Hello Dan,
On 11/9/12, Dan Lavu <dan(a)lavu.net> wrote:
So I think you're missing one fundamental thing here. You still
need to
create the users in 389 to get this working correctly and have them show up
in 'getent password', you might have to enumerate the users too. So adding
the samba schema extends and adds the samba attributes to 389 but nothing
is
filling out the information
For example,
objectclass: sambaDomain
objectclass: sambaUnixIdPool
sambaDomainName: <YOURWORKGROUP>
sambaSID: S-1-5-21-1803520230-1543781662-649387223 << You have to ask
yourself what generates this?
Nothing in 389 will, but smbpasswd -a will, so first make sure you can get
a
userlist on your linux machine,
getent passwd -s ldap $userid
Does the user show up? If it doesn't, configure your
ldap.conf/nsswitch.conf/pam.d/* again or sssd.
Dan
Well, 389-ds was already configured, so all posix users in the ldap
were able to login into this server because I had configured the
server as ldap client using nss_ldap libs being RHEL 5.8.
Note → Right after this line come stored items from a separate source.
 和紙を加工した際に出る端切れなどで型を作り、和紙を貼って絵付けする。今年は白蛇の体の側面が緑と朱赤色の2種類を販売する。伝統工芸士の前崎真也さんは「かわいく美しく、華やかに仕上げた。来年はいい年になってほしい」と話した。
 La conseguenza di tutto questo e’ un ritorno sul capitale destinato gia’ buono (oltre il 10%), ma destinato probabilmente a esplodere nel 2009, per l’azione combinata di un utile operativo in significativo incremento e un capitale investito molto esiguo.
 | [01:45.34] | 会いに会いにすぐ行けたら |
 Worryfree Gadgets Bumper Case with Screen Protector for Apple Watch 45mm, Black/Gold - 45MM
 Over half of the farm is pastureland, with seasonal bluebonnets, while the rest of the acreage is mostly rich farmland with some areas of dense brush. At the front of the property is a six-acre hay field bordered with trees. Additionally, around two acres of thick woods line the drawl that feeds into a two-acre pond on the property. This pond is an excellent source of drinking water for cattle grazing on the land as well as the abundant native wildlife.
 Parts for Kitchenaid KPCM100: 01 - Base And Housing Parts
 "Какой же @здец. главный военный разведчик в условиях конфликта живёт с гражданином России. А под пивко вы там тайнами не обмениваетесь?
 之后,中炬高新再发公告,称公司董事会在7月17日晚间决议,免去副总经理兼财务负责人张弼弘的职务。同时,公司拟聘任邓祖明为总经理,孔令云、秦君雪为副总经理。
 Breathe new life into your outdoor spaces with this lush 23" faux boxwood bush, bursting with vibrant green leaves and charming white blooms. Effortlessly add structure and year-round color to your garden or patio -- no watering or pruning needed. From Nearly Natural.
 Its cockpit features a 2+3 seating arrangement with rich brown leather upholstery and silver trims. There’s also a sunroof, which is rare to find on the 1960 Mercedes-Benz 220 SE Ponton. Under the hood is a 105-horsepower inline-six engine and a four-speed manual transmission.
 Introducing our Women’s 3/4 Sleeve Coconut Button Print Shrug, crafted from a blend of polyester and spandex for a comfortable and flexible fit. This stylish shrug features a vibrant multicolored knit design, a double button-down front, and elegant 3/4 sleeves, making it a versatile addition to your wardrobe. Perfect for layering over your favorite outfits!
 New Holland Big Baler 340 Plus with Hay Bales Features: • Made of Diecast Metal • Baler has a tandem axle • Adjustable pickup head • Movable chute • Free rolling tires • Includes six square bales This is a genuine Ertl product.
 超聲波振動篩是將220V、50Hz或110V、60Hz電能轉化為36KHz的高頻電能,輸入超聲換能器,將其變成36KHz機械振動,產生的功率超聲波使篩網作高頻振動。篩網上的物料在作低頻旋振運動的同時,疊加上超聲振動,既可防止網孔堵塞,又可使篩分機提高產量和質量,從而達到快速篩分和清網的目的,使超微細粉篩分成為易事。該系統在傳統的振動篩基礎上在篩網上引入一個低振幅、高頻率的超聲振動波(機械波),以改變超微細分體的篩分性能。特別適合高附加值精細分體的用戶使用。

getent passwd pulls local as well as ldap users fine.
ldapsearch -x -Z '(uid=ugandhi)'
# extended LDIF
#
# LDAPv3
# base <> with scope subtree
# filter: (uid=ugandhi)
# requesting: ALL
#
# ugandhi, People, blah
dn: uid=ugandhi,ou=People,dc=abc,dc=def,dc=ghi
givenName: Upendra
sn: Gan
loginShell: /bin/bash
uidNumber: 200
gidNumber: 600
objectClass: top
objectClass: person
objectClass: organizationalPerson
objectClass: inetorgperson
objectClass: posixAccount
uid: ugandhi
cn: Upendra Gan
homeDirectory: /home/ugandhi
# search result
search: 3
result: 0 Success
# numResponses: 2
# numEntries: 1
getent passwd -s ldap ugandhi
ugandhi:*:200:600:Upendra Gan:/home/ugandhi:/bin/bash
So this part was always good (389-ds server and client and home
directory mounts via autofs)
Now my question is: Does the user need to exist in ldap (examlple
ugandhi above) and then smbpasswd -a ugandhi will work? I can ofcourse
try it myself but is that the way it is supposed to be?
I think I had worked on different implementation of SMB+OpenLDAP on
Ubuntu where smb-ldap utils package was also used and smbldap-useradd
would add the user in both samba and ldap and both places had uid/gid
fields matching for that user.
The howto above didn't mention that testuser was existing in 389-ds
directory, or did I miss that part? The ldapsearch for testuser does
show uidNumber and gidNumber. So probably testuser already existed in
389-ds directory and smbpasswd -a testuser added those additional
samba fields as you said in your email. Correct me if I am
understanding this incorrectly.
Thanks again.
Upen
-----Original Message-----
From: upen [mailto:upendra.gandhi@gmail.com]
Sent: Thursday, November 8, 2012 10:09 PM
To: Dan Lavu
Cc: General discussion list for the 389 Directory server project.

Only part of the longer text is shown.